The solution is to reinstall older version. T
his lead cuda version limited to 10.2

sudo apt purge nvidia-* 
sudo apt autoremove
sudo apt install nvidia-driver-450-server

2.Ubuntu 20.04 default is python3.8 and TensorRT works with python3.6 

3.TensorRT doesn't support Ubuntu 20.04 with cuda 10.2

The solution is to use python virtualenv to install TensorRT  

sudo apt install python3.6-venv

python3.6 -m venv tensorrt

source tensorrt/bin/activate

pip install --upgrade pip

python3 -m pip install numpy onnx

### Download & extract TensorRT-7.2.3.4.Ubuntu-18.04.x86_64-gnu.cuda-10.2.cudnn8.1.tar.gz

cd Downloads/

sudo cp -a TensorRT-7.2.3.4 /usr/local/

export LD_LIBRARY_PATH=/usr/local/TensorRT-7.2.3.4/lib

cd TensorRT-7.2.3.4/python/

python3 -m pip install tensorrt-7.2.3.4-cp36-none-linux_x86_64.whl

cd ../uff

python3 -m pip install uff-0.6.9-py2.py3-none-any.whl uff-0.6.9-py2.py3-none-any.whl

which convert-to-uff

cd ../graphsurgeon/

python3 -m pip install graphsurgeon-0.4.5-py2.py3-none-any.whl

cd ../onnx_graphsurgeon/

python3 -m pip install onnx_graphsurgeon-0.2.6-py2.py3-none-any.whl

cd ../..

### Download libcudnn8_8.2.1.32-1+cuda10.2_amd64.deb & libcudnn8-dev_8.2.1.32-1+cuda10.2_amd64.deb

sudo dpkg -i ./libcudnn8_8.2.1.32-1+cuda10.2_amd64.deb
sudo dpkg -i ./libcudnn8-dev_8.2.1.32-1+cuda10.2_amd64.deb

pip3 install torch
pip3 install torchvision
pip3 install matplotlib

pip3 install --global-option=build_ext --global-option="-I/usr/local/cuda-10.2/targets/x86_64-linux/include/" --global-option="-L/usr/local/cuda-10.2/targets/x86_64-linux/lib/" pycuda

pip3 install opencv-python
pip3 install albumentations==0.5.2


2021年9月27日 星期一

TensorRT custom ONNX model c++

This article is intent to describe how to run custom ONNX model with TensorRT. By modify TensorRT sample code sampleOnnxMnist to make it happen.

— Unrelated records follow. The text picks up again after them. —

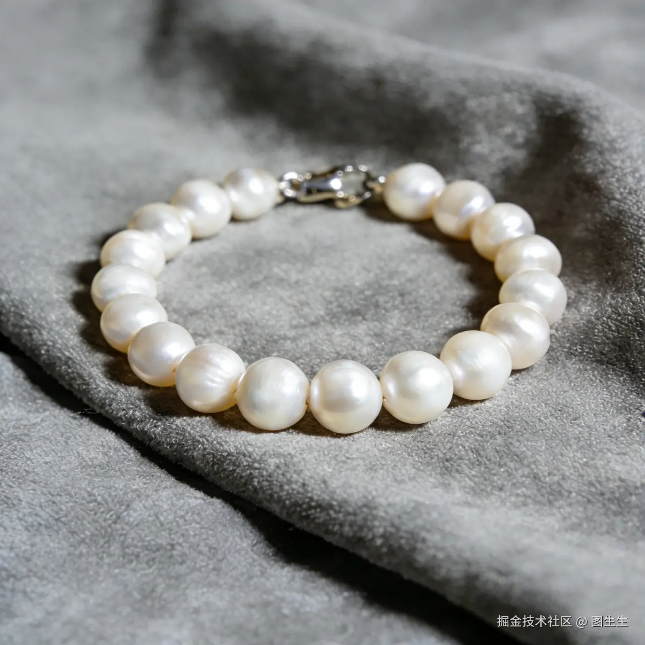 ◇原图痛点:在灰色布料上随意拍摄,体现不出珍珠的圆润光泽,显得廉价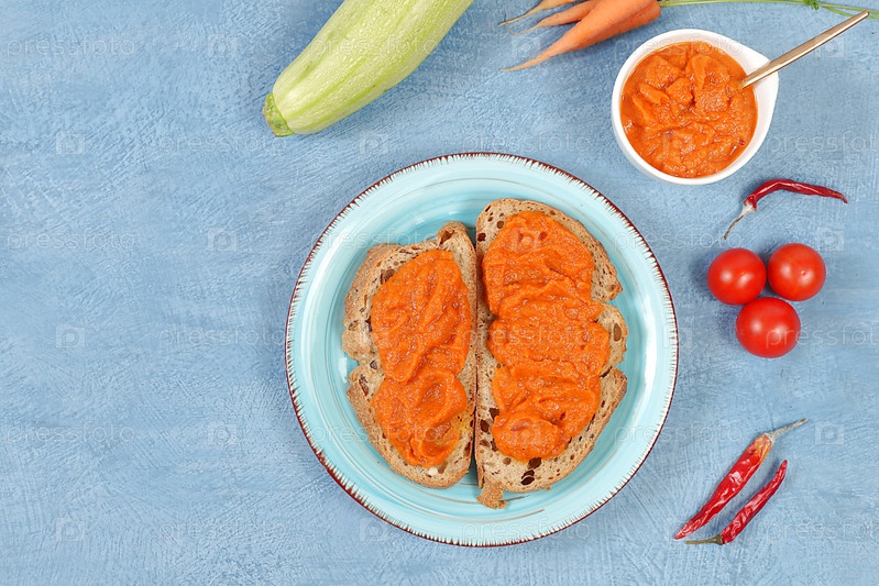 Сэндвич с зерновым хлебом и тыквенной икрой на бетонном фоне, здоровый завтрак с ингредиентами, концепция здорового питания, место для текста,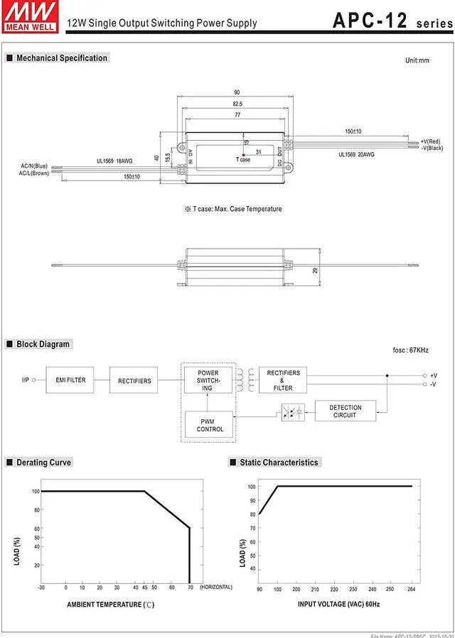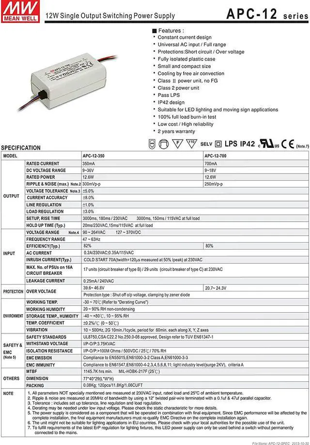 94V-0 flame retardant plastic case Class 2 power unit / Pass LPS (except for APC-8, APC-25-350 & APC-35-350/500)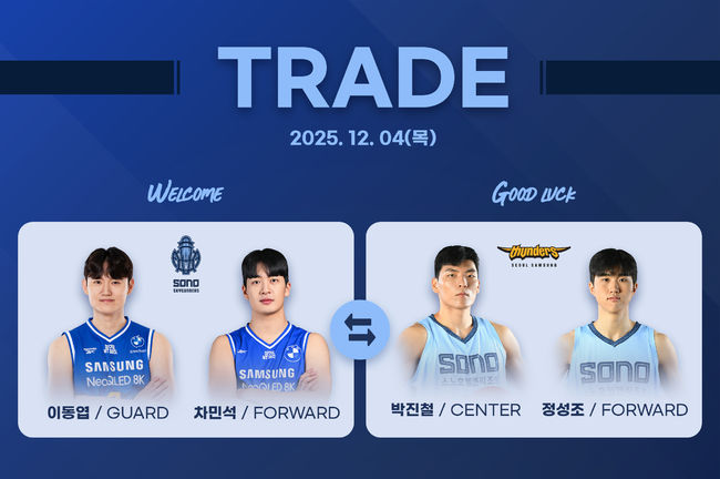 [OSEN=서정환 기자] 서울 삼성과 고양 소노가 트레이드를 통해 전력 보강에 성공했다.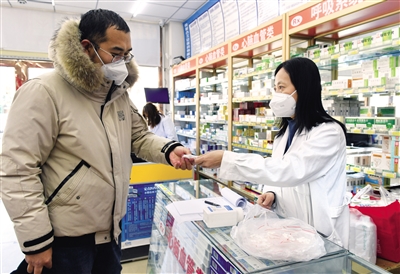 12月27日,呼和浩特市民在久安药房领取退烧药。据介绍,该药房紧急调运2万片乙酰氨基酚片,从12月23日开始向市民免费提供,现已发放乙酰氨基酚片近1万片。摄影/草原全媒·北方新报首席记者 牛天甲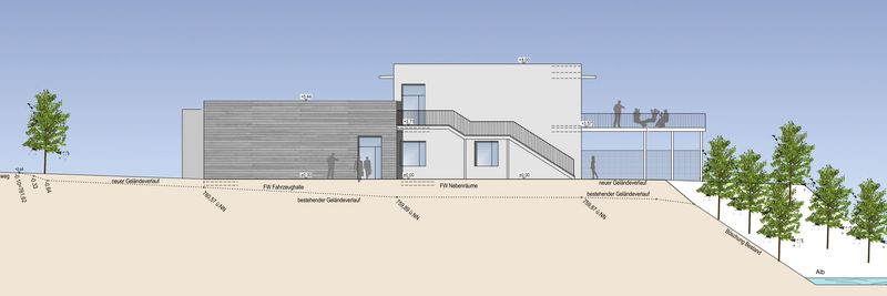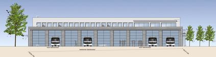 Des Weiteren sind im EG großzügige Werkstätten für Atemschutz und Geräte angeordnet. Es wird eine moderne Schlauchwaschanlage eingerichtet.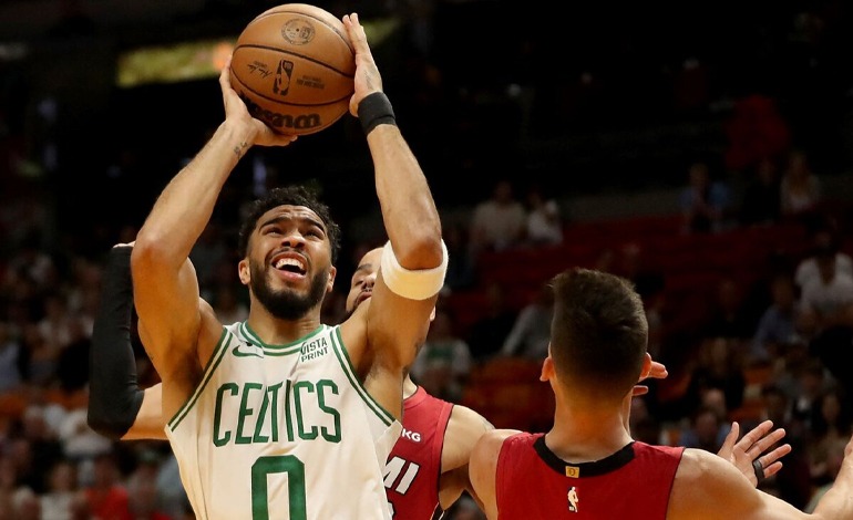 El alero Jayson Tatum firmó el primer triple doble de su carrera en playoffs con 23 puntos, 10 rebotes y 10 asistencias y el base Derrick White llegó a 20 tantos para los locales, que sometieron a Miami a un bombardeo de 22 triples (44,9% de acierto).

Hardware - nVidia Jetson NX Xavier
Software - Jetpack 4.6 / TensorRT 8
TensorRT sample - /usr/src/tensorrt/samples/sampleOnnxMNIST
ONNX model - https://github.com/PINTO0309/PINTO_model_zoo/tree/main/081_MiDaS_v2

The sampleOnnxMNIST is to detect hand write numbers from 0 ~ 9. I will make some change on this sample to get it work with MiDasV2 depth inference.

1.MiDasV2 Model

get PINTO_model_zoo and download MiDasV2 ONNX model

git clone https://github.com/PINTO0309/PINTO_model_zoo.git
cd PINTO_model_zoo/081_MiDaS_v2
./download_256x256.sh
cd

After successful downloading, file PINTO_model_zoo/081_MiDaS_v2/saved_model/model_float32.onnx is the custom ONNX model.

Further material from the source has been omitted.